The PCB-polluted "Rest of River" stretches nearly 125 miles from the confluence of the East and West Branches of the river in Pittsfield to the end of Reach 16 just before Long Island Sound in Connecticut.  The city's five-mile reach, 5A, goes from the confluence to the wastewater treatment plant and includes river channels, banks, backwaters, and 325 acres of floodplains.

The event was held at Herberg Middle School, as Ward 4 Councilor James Conant wanted to ensure that the residents who will be most affected by the cleanup didn't have to travel far.

Conant emphasized that "nothing is set in actual stone" and it will not be solidified for many months.

In February 2020, the Rest of River settlement agreement that outlines the continued cleanup was signed by the U.S. EPA, GE, the state, the city of Pittsfield, the towns of Lenox, Lee, Stockbridge, Great Barrington, and Sheffield, and other interested parties.

Remediation has been in progress since the 1970s, including 27 cleanups.

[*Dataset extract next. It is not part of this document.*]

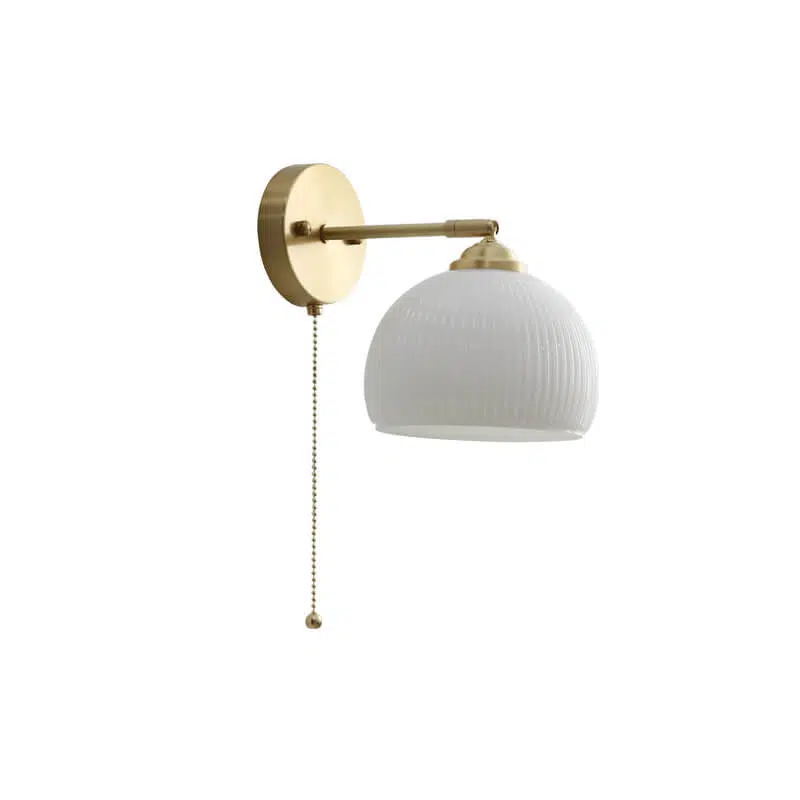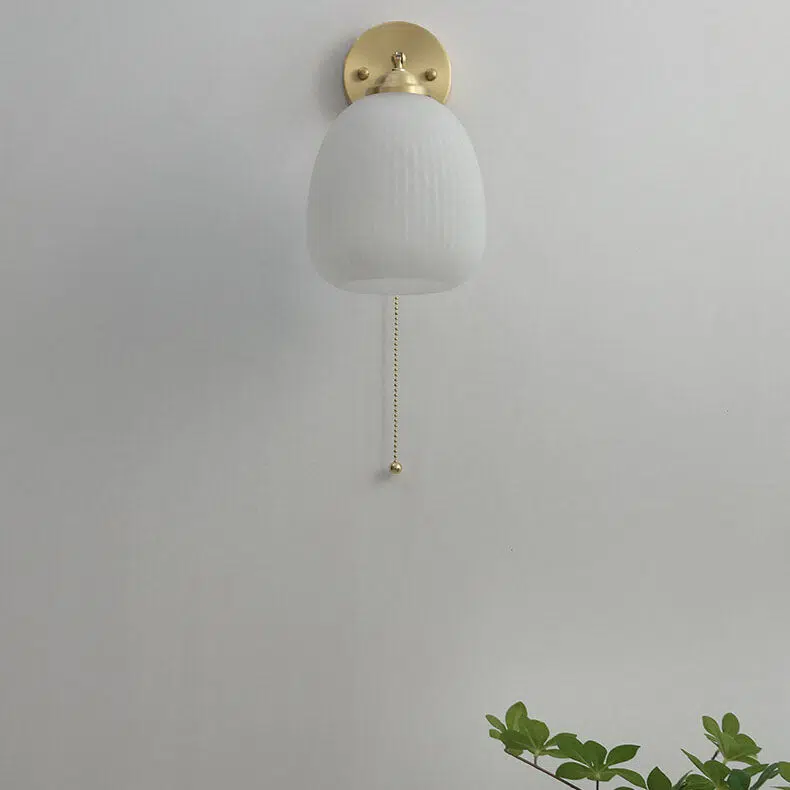 Nordic Striped Milk White Glass Brass 1-Light Pull Cord Wall Sconce Lamp

The remedy settled in 2020 includes the removal of one million cubic yards of contaminated sediment and floodplain soils, an 89 percent reduction of downstream transport of PCBs, an upland disposal facility located near Woods Pond (which has been contested by Southern Berkshire residents) as well as offsite disposal, and the removal of two dams.

The estimated cost is about $576 million and will take about 13 years to complete once construction begins.